Reputation: 715
I am new in R as well as tm
package. My taks is to perform text document classification using decision trees. I am following someone's project. At the page no 14 there is a full code. There are 2 types of documents, which I have loaded using DirSource
without any problems. My next step was merging these 2 corpuses into collection
# Merge corpora into one collection
docs <- c( wheat.train , crude.train , wheat.test , crude.test ) ;
And then I would like to make some pre-processing.
#pre-processing
docs.p <- docs
docs.p <- tm_map (docs.p, stripWhitespace)
But I got such error
Error in UseMethod("tm_map", x) :
no applicable method for 'tm_map' applied to an object of class "list"

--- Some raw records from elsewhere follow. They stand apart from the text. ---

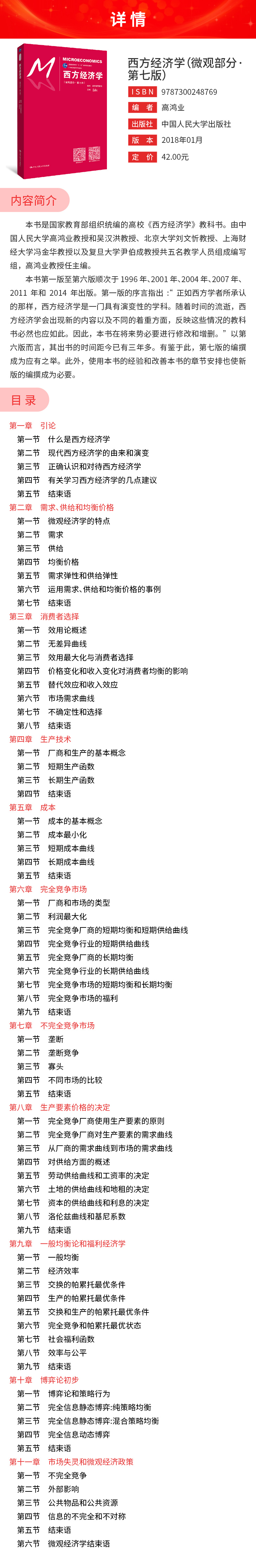 高鸿业《西方经济学(微观部分)》(第7版)教材(中国人民大学出版社)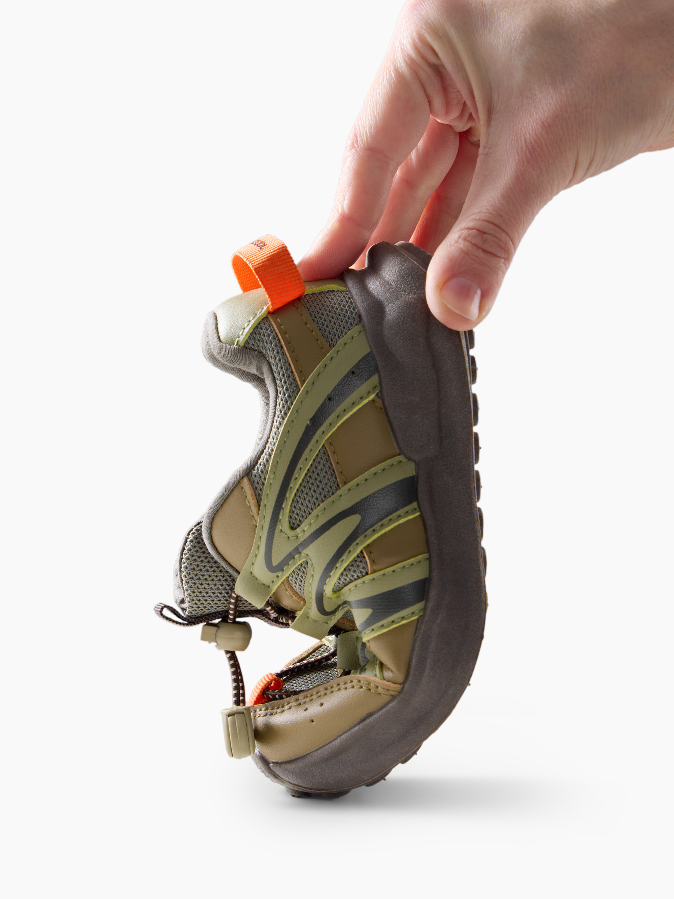 • Быстрое обувание — шнурки-резинки с фиксатором и петелька на заднике позволяют надевать и снимать кроссовки без завязывания.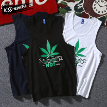 夏季日系胖子加肥加大码男装原宿枫叶印花运动沙滩民族风背心男潮
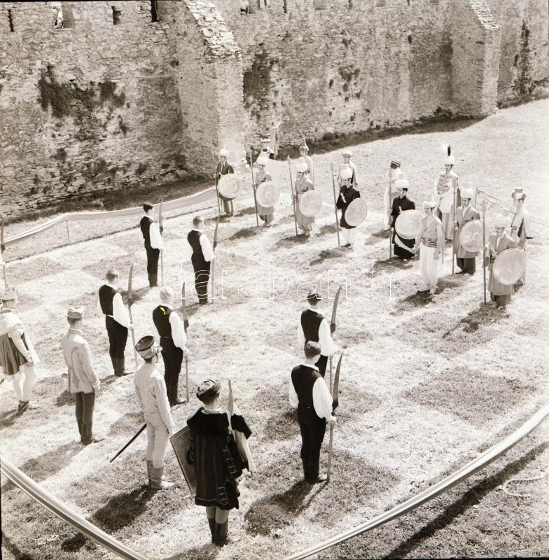 cca 1969 Élő sakkfigurák (törökök-magyarok) felvonulása és játéka egy vár tövében, gyeptáblán, 3 db szabadon felhasználható vintage negatív, 6x6 cm
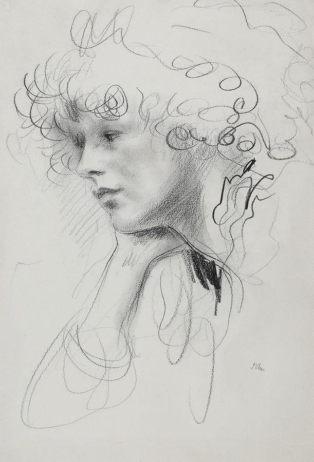 This freely drawn, captivating drawing dates from c. 1904-1906. It epitomises the qualities of John’s fluent draughtsmanship and his ability to capture the essence of a sitter with apparent ease. Its immediacy, sureness and simplicity place it amongst his finest female portraits.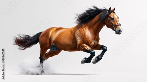 © missisya, Obraz premium A magnificent horse gallops gracefully, showcasing its strength and beauty in motion against a clean, white background.

I understand that this guy is using one of the tm's
previous version, and currently tm_map
takes as an argument a corpus, not a collection of corpuses. My question is how to create such collection of corpuses that it will be possible to perform pre-processing on it?
Upvotes: 0
Views: 1786
Reputation: 534
It worked for me using list
instead of c
and than lapply
.
ex1 <- "bla bla blah "
ex2 <- "dunno what else to say "
wheat <- Corpus(VectorSource(ex1))
crude <- Corpus(VectorSource(ex2))
docs <- list(wheat, crude)
docs.p <- lapply(docs, tm_map, stripWhitespace)
Upvotes: 1